On January 10, Vaillant came to trial before five judges in red robes and black gold-braided caps. Charged with intent to kill, he insisted that he had intended only to wound. “If I had wanted to kill I could have used a heavier charge and filled the container with bullets; instead, I used only nails.” His counsel, Maître Labori, who was destined for drama and violence in a far more famous case, defended him with spirit as un exaspéré de la misère. It was parliament, Labori said, which was guilty, for failing to remedy “the misery of poverty that oppresses one third of a nation.” Despite Labori’s efforts, Vaillant received the death penalty, the first time in the Nineteenth Century it had been imposed on a person who had not killed. Trial, verdict and sentence were rushed through in a single day. Almost immediately petitions for pardon began to assail President Sadi Carnot, including one from a group of six
ty deputies led by Abbé Lemire, who had been one of those wounded by the bomb. A fiery Socialist, Jules Breton, predicted that if Carnot “pronounced coldly for death, not a single man in France would grieve for him if he were one day himself to be victim of a bomb.” As incitement to murder, this cost Breton two years in prison and proved to be the second comment on the Vaillant affair, which was to end in strange and sinister coincidence.
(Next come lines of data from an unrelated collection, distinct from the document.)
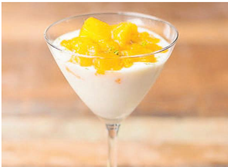
Simpele mango-fool met yoghurt en kardemom.

Doe de blokjes mango met de kardemom en 235 milliliter water in een steelpannetje. Als je hele, verse mango's gebruikt, kun je zelfs de pit erbij doen. Het vruchtvlees laat door de hitte los van de pit. Breng het aan de kook, zet het vuur laag en laat ongeveer 20 minuten sudderen. Wat je wil, is een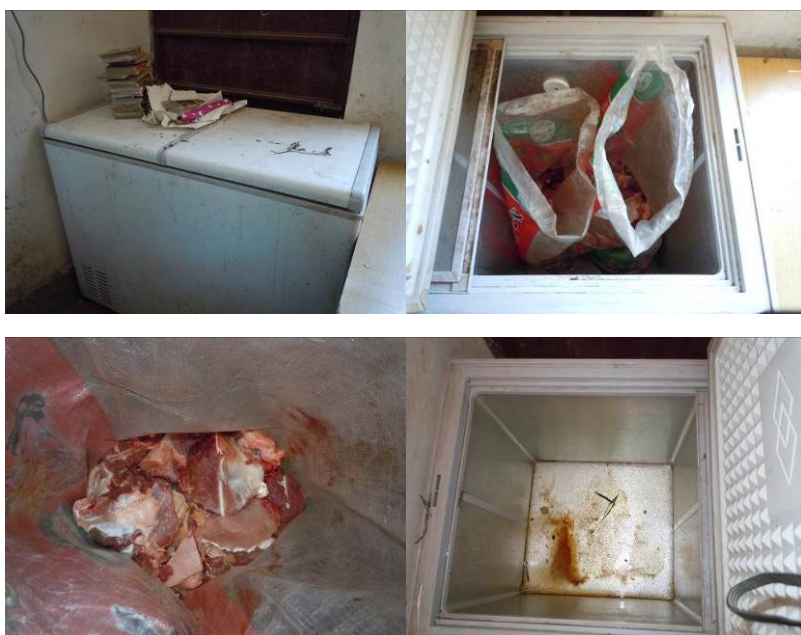
图 9 冰柜外观及储藏的猪肉

关于“当前食材存储变质腐坏情况”，调查当日，调查人员在查看肉类食材存放时发现存放于冰柜中的猪肉已明显变质，并散发出浓烈的腐败臭味，同时，该冰柜卫生条件极差，故该项评分取 0 分（见图 9）；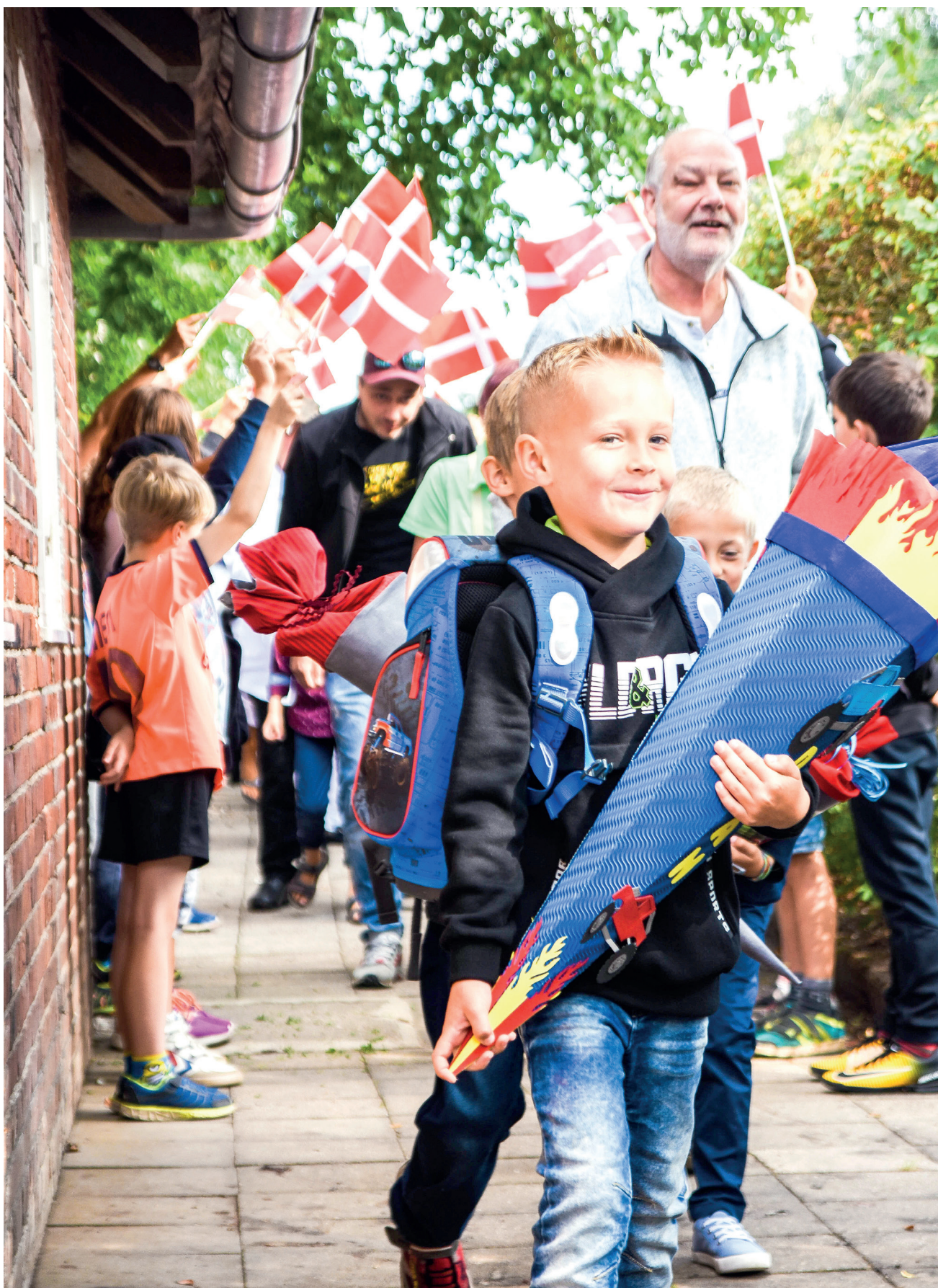
Første skoledag i Store Vi-Vanderup Danske Skole.

The government could not pardon an Anarchist attack upon the State. Carnot refused to remit the sentence and Vaillant was duly executed on February 5, 1894, crying, “Death to bourgeois society! Long live Anarchy!”
The train of death gathered speed. Only seven days after Vaillant went to the guillotine, he was avenged by a blow of such seemingly vicious unreason that the public felt itself in the midst of nightmare. This time the bomb was aimed not against any representative of law, property or State, but against the man in the street. It exploded in the Café Terminus of the Gare St-Lazare in the midst, as Le Journal wrote, “of peaceful, anonymous citizens gathered in a café to have a beer before going to bed.” One was killed and twenty wounded. As later became clear, the perpetrator acted upon a mad logic of his own. Even before he came to trial, the streets of Paris rocked with more explosions. One in the Rue St-Jacques killed a passer-by, one in the Faubourg St-Germain did no damage and a third exploded in the pocket of Jean Pauwels, a Belgian Anarchist, as he was entering the Church of the Madeleine. He was killed and proved to have set off the other two. On April 4, 1894, a fourth exploded in the fashionable Restaurant Foyot, where, though it killed no one, it put out the eye of Laurent Tailhade, who happened to be dining there and who only four months earlier had shrugged aside the victims of a “fine gesture.”